Here we don't need to calculate the summary stats since the "summary stats"
are just the last (within the by-group) observation values! Now, you might
say, "Wait a minute! We only want to attach/replace the year value and
nothing else!" Well, don't worry. The second set statement over-writes
everything with the original values, except the year variable because it is
dropped in the second loop's set statement option. Overall it is quite
elegant piece of code!
Practically though, I am bothered by the fact that the input dataset does
not have a record id -- especially since it is obvious that the order of
observations means something. I would rather create a record id first,
unless it takes too much in terms of either/both time and storage.
If the dataset is small enough, then we cannot do better than just run the
whole data step backward only once updating in-place. Well, I don't find
myself updating a dataset in-place often -- it is too risky.
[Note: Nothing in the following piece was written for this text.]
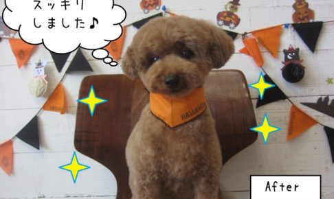 ハロウィンまであと少しです。 この週末は ハロウィンのイベントをするお店が いっぱいありそうですね。 さて、本日のお客様は トイプードルのレオンちゃんです。 カットコースをご利用頂きました。 飼い主様、レオンちゃん また…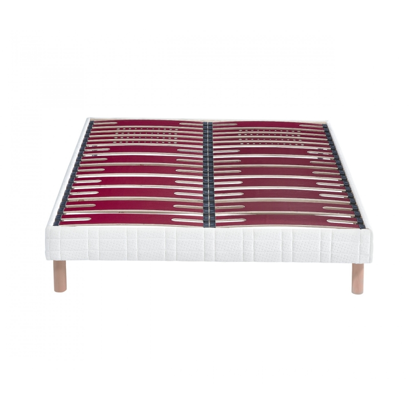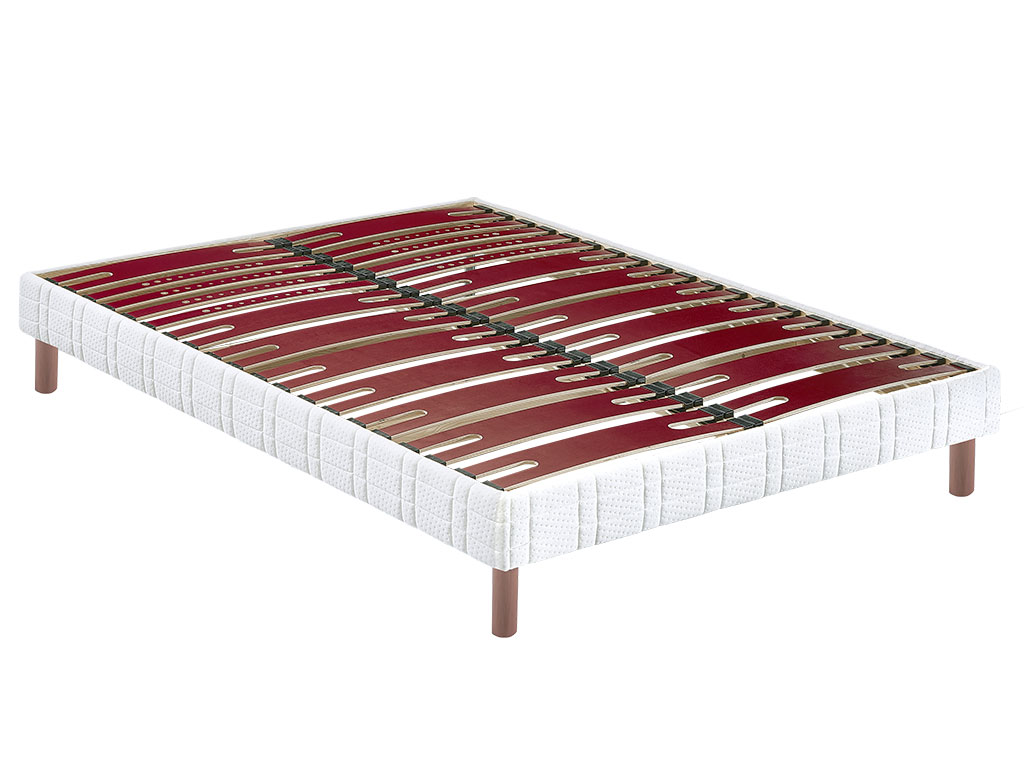 - Sommier Bultex confort morphologique bi lattes + pieds :- Suspension : 2x8 bi lattes multiplis + lattes perforées en 140x190cm- Zone épaule assouplie: 2x4 lattes perforées- Zone bassin renforcée: 2x8 bi-lattes- Type de lattes : lattes multiplis insérées dans des embouts - Structure en bois massif- Renfort central à partir de la largeur 120cm.- Tissu : finition stretch- 4 masses d'angle pour pieds filetage 8mm.- Peut être inséré dans un lit ou mis sur pieds- Fabrication française- Jeu de 4 pieds bois offerts

So at least to
me, this remains as an exercise -- it is good to know that it is possible,
just in case I need it someday.
Cheers,
Chang
data a;
infile datalines missover;
input @1 prodid 2. @4 custid 2. @7 year 4.;
datalines;
1 1
2 1
3 1 1998
2 1
3 1
4 1 1999
4 2
5 2
6 2 1998
;
run;
data a;
do i=nobs to 1 by -1;
modify a nobs=nobs point=i;
if missing(year) then do;
year = sYear;
replace;
end; else
sYear = year;
end;
stop;
run;
proc print data=a;
run;
/* on lst
Obs prodid custid year
1 1 1 1998
2 2 1 1998
3 3 1 1998
4 2 1 1999
5 3 1 1999
6 4 1 1999
7 4 2 1998
8 5 2 1998
9 6 2 1998
*/